In his speech last week, Obama talked about negative experiences of African-Americans and the historic setting “of racial disparities in the application of our criminal laws.” But he also acknowledged that “African-American young men are disproportionately involved in the criminal justice system … (as) both victims and perpetrators of violence.” And he said the black community is “not naïve in understanding that … somebody like Trayvon Martin was statistically more likely to be shot by a peer than he was by somebody else.”
Obama raised a good question: “How do we learn some lessons from this and move in a positive direction?”
First, he said, “I think it would be productive for the Justice Department, governors, mayors to work with law enforcement about training at the state and local levels in order to reduce the kind of mistrust in the system that sometimes currently exists.”
Second, he said, “I think it would be useful for us to examine some state and local laws to see if … they are designed in such a way that they may encourage the kinds of altercations and confrontations and tragedies that we saw in the Florida case.” He questioned “if we’re sending a message as a society in our communities that someone who is armed potentially has the right to use those firearms even if there’s a way for them to exit from a situation.”
Third, Obama said, “a long-term project,” is the “need to spend some time thinking about how do we bolster and reinforce our African-American boys” who “are getting a lot of negative reinforcement.” He said he could use his convening power to “gather together business leaders and local elected officials and clergy and celebrities and athletes, and figure out how are we doing a better job helping young African-American men feel that they’re a full part of this society and that they’ve got pathways and avenues to succeed.”
It seems to me that the idea of more training for law enforcement misses the point, but no doubt local police departments could use more federal funds for training. As for the issue of “stand your ground” laws in Florida and 20 other states, the people of those states approved those laws. Let them decide if they want to change them.

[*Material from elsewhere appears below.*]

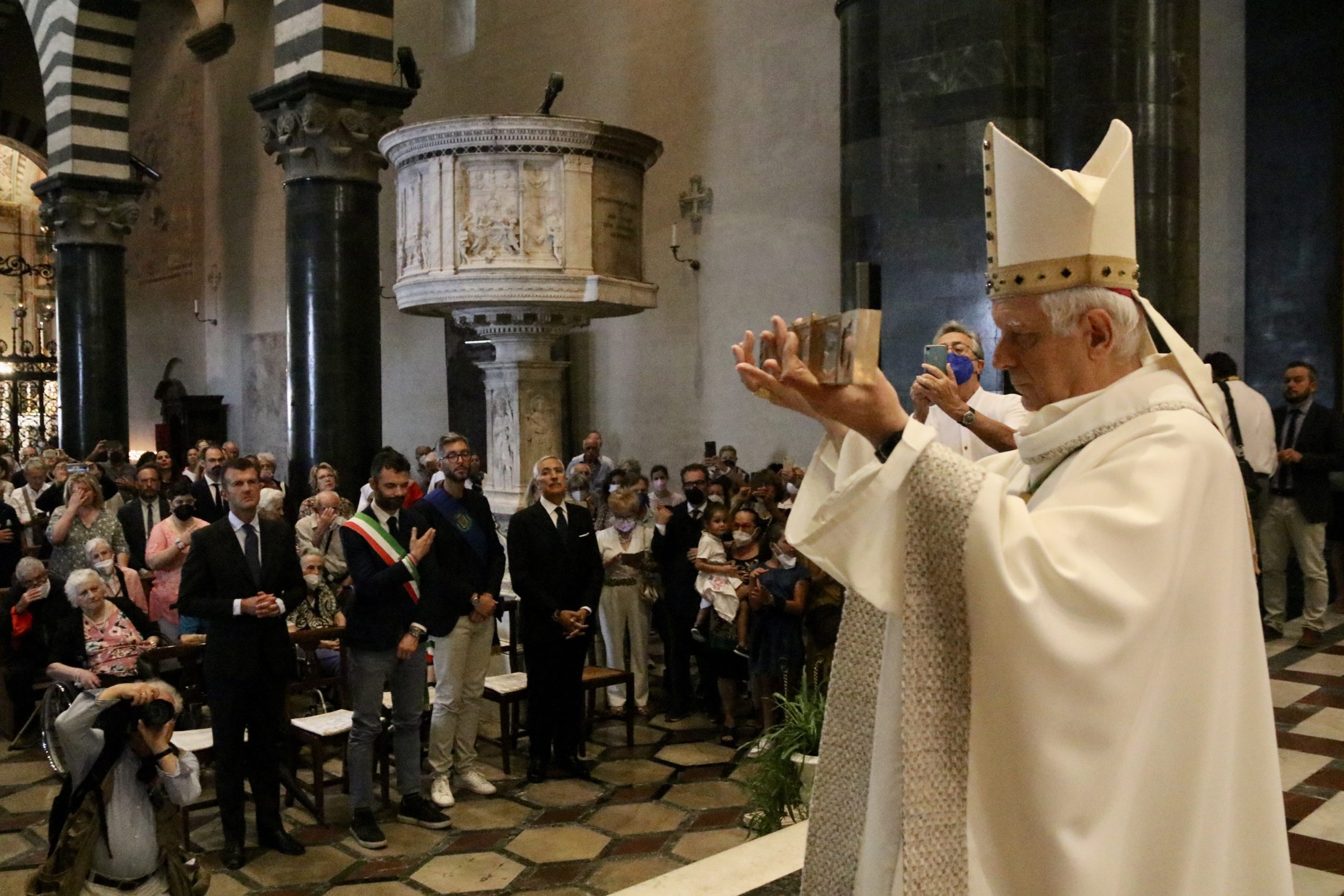 Le parole del sindaco Biffoni e del vescovo Nerbini al tradizionale rito dell’offerta dei ceri

To the third point, it would be good if Obama and others concerned about young black men would focus on family-building, education, responsibility development and job creation for this group: 28 percent of black adults ages 16 to 24 are unemployed. And the jobless rate for young black male high school dropouts ages 16-25 is a staggering 51.6 percent, per analysis by remappingdebate.org.
Convening meetings will not fix these problems, Mr. President. There are no “pathways and avenues to succeed” without education, responsibility and a job.